Dit ervaringsbarema voorziet een verhoging voor elk ervaringsjaar : - tot en met het 22e jaar voor het uitvoerend personeel eerste categorie; - tot en met het 24e jaar voor het uitvoerend personeel tweede categorie; - tot en met het 26e jaar voor het uitvoerend personeel derde categorie; - tot en met het 28e jaar voor het uitvoerend personeel vierde categorie.
Daarna wordt telkens in een verhoging voorzien bij elke toename met twee ervaringsjaren, tot het 46e jaar.".
Art. 10.In de collectieve arbeidsovereenkomst van 20 februari 1979 tot vaststelling van de arbeids- en loonsvoorwaarden wordt artikel 36bis ingevoegd bij artikel 2 van collectieve arbeidsovereenkomst van 20 januari 2004 vervangen door volgende bepalingen : "
Art. 36bis.Voor de ondernemingen waar geen eigen barema is vastgelegd dat minstens gelijkwaardig is, geldt voor de werknemers tewerkgesteld met een arbeidsovereenkomst zoals bedoeld in titel VII van de wet van 3 juli 1978 op de Arbeidsovereenkomsten, een minimumvergoeding gelijk aan 90 pct. van het ervaringsbarema eerste categorie uitvoerend personeel met ervaringsniveau "0" vastgelegd bij collectieve arbeidsovereenkomst van 3 juli 2008 tot vaststelling van het verloningssysteem in het Paritair Comité voor de maatschappijen voor hypothecaire leningen, sparen en kapitalisatie."
Art. 11.In de collectieve arbeidsovereenkomst van 20 februari 1979 tot vaststelling van de arbeids- en loonvoorwaarden wordt artikel 43 vervangen door volgende bepalingen : "

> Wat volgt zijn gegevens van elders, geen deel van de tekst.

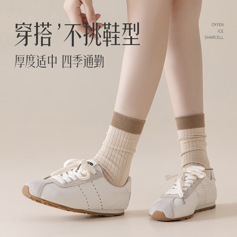 爆款 袜子女纯棉春秋款 中筒袜防臭撞色复古堆堆白色长袜2025新款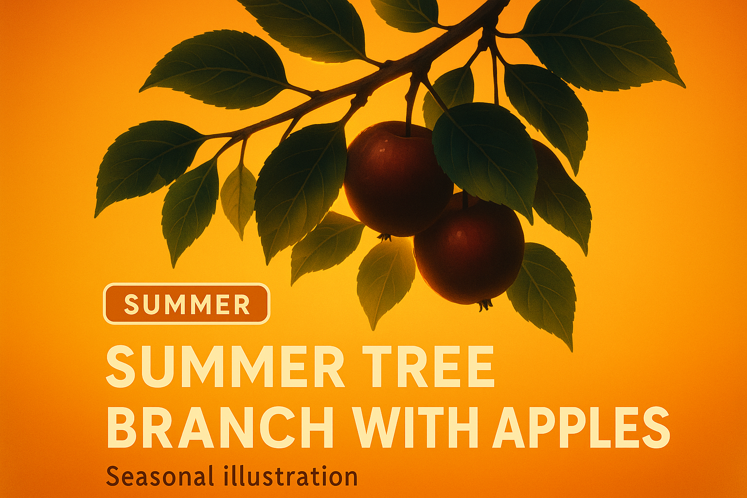 /Collection: /by davooda/Type: PNG/This seasonal illustration features a tree branch with apples against a warm gradient background. It serves as a decorative graphic suitable for summer-themed content.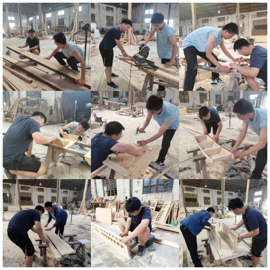 在图纸设计工作完成后,便是红船实物模型的制作。要做好一艘红船模型,要在功能性、原材料、制作工艺等方面有所讲究,尽可能按照真正的红船制作流程来制作,这样才能够在形制相似的基础上兼具“精气神”。为了做到这一点,船海专业的王文庆和施琦等人在细节方面下足了功夫,无论在板材的选择以及后续的切割、打磨、雕刻、组装过程,都凭借着精益求精的工匠精神,尽心雕琢着这件艺术品。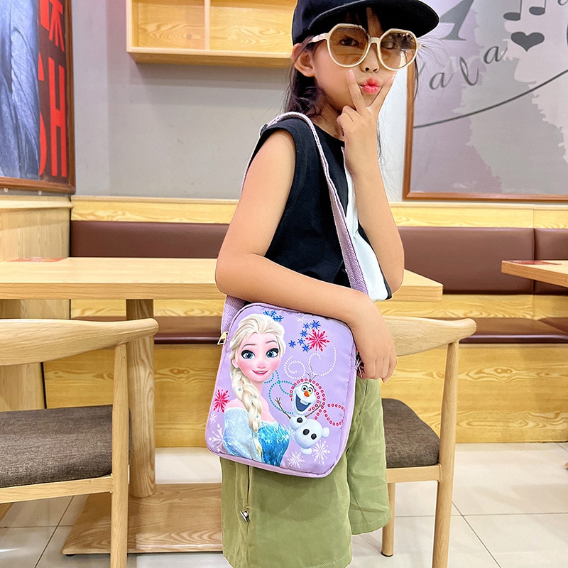 Disney Princess Series Crossbody Bags Frozen 2 Elsa Sofia Cartoon Shoulder Bag for Girls Fashion Sequins Handbags Kids Gifts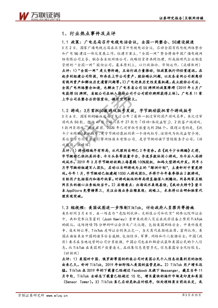 万联证券:互联网传媒行业周观点:广电一网整合启动,关注推进节奏&相关产业链.pdf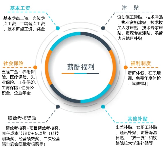 双一流、铁路院校从事技术管理类的主专业毕业生,入职时可领取一次性生活补贴10000元,同时实行特殊补贴,标准为1000元/月,补贴3年,见习期月均综合收入硕士研究生不低于7500元,本科生不低于6500元。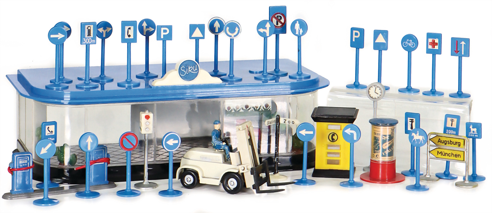 Plastik, Verkaufsraum, Gabelstapler, Litfaßsäule, viele Verkehrszeichen, guter Zust.

Art. 43.De lonen van de categorie inspecteurs worden vanaf 1 januari 2009 vastgesteld in het ervaringsbarema dat opgenomen is in de collectieve arbeidsovereenkomst van 3 juli 2008 tot vaststelling van het verloningssysteem in het Paritair Comité voor de maatschappijen voor hypothecaire leningen, sparen en kapitalisatie en dat de op dat tijdstip van toepassing zijnde baremieke spanning overneemt.
Dit ervaringsbarema voorziet een verhoging voor elk ervaringsjaar tot en met het 28ste jaar voor : - inspecteurs van de spaarbanken; - inspecteurs van de kapitalisatiemaatschappijen eerste, tweede en derde categorie.
Daarna wordt in een verhoging voorzien bij elke toename met twee ervaringsjaren, tot het 30e jaar."
Art. 12.In de collectieve arbeidsovereenkomst van 20 februari 1979 inzake loon- en arbeidsvoorwaarden worden de artikelen 37, 39, 40, 41, 42, 43, 45, 48 en 50 opgeheven.
Art. 13.De vermelding "A. Koppeling van de lonen aan het indexcijfer van de consumptieprijzen" voorafgaand aan artikel 49 wordt vervangen door volgende bepaling. "A. Koppeling van de lonen aan het indexcijfer."
Art. 14.Artikel 49 van de collectieve arbeidsovereenkomst van 20 februari 1979 inzake loon- en arbeidsvoorwaarden wordt vervangen door volgende bepalingen : "
Art. 49.De bedragen van de vastgestelde minimumloonschalen worden gekoppeld aan de evolutie van de gezondheidsindex dat maandelijks wordt vastgesteld door de bevoegde federale overheidsdienst.
De aanpassing vindt om de twee maanden plaats met een percentage dat gelijk is aan de procentuele wijziging van het 4 mg (*) van de voorafgaande maand, vergeleken met het 4 mg(*) van de derde maand voorafgaand aan de aanpassing.
Voorbeeld : 4 mg (*) april 2008 x loonschaal april 2008 = loonschaal mei 2008 4 mg (*) februari 2008 De aanpassing bedoeld in het vorige lid gebeurt voor de eerste keer op 1 maart 2009. (*) = het rekenkundig gemiddelde van de gezondheidsindexcijfers van de laatste vier maanden."
Art. 15.Deze collectieve arbeidsovereenkomst is van onbepaalde duur en treedt in werking op 1 januari 2009.
Ze kan worden opgezegd door een van de partijen, mits naleving van een opzeggingstermijn van drie maanden die ten vroegste kan ingaan op 1 oktober 2009. Deze opzegging kan evenwel niet tot gevolg hebben dat de door deze collectieve arbeidsovereenkomst gewijzigde of opgeheven artikels herleven.
De opzegging gebeurt bij een ter post aangetekende brief gericht aan de voorzitter van het Paritair Comité voor de maatschappijen voor hypothecaire leningen, sparen en kapitalisatie.
Gezien om te worden gevoegd bij het koninklijk besluit van 30 december 2009.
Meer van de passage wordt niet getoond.